The biggest difference between the feature film and the series is the quality of the film's presentation below the ultra-slick visual presentation. This brings us to the obvious flaw and what probably made the studio feel scared about the film. The flaw is the script, and how bad it actually is. Screenwriters Phil Hay and Matt Manfredi not for one second knew how to deliver the right kind of dialogue for a highly-detailed and evolved sci-fi scenario. These people hardly talk like they are human beings. Is the human race evolving so that we all talk like robots? I did have to snicker at some of the goofy sets of dialogue.

This was the first time that Hay and Manfredi had written a sci-fi film and it shows. Their previous writing talents were used for Jackie Chan's spy-spoof The Tuxedo.

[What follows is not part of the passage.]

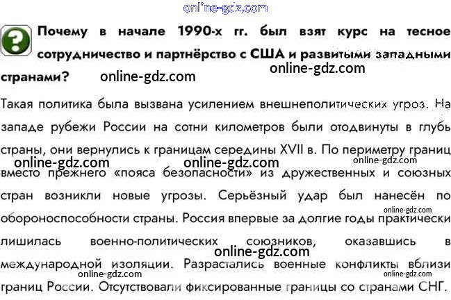 Готовые домашние задания по Истории за 10 класс Учебник Горинов, Данилов 2016 - Вопрос §48. Геополитическое положение и внешняя политика в 1990-е гг. 1

Can you imagine how this film could have been if a real sci-fi writer or screenwriter had been allowed to bring this concept to life? I really believe that a Harlan Ellison or a William Gibson could have made this a sci-fi film we could have respected.

Another serious flaw is the film's editing. There are oodles of strobe-light scenes that are supposed to accent the scenes but are very distracting. Also, for the film's first 30-40 minutes, it seems like there was oodles of stuff left on the cutting room floor.

One minute she has a gun in her mark's face, and the next she sleeps with him. Huh, did I miss something? No, just bad editing.

Aeon Flux proves that a beautiful woman and beautiful production design and style doesn't equal a beautiful movie. But it is way better than Catwoman. (2.5 out of 5) So Says the Soothsayer.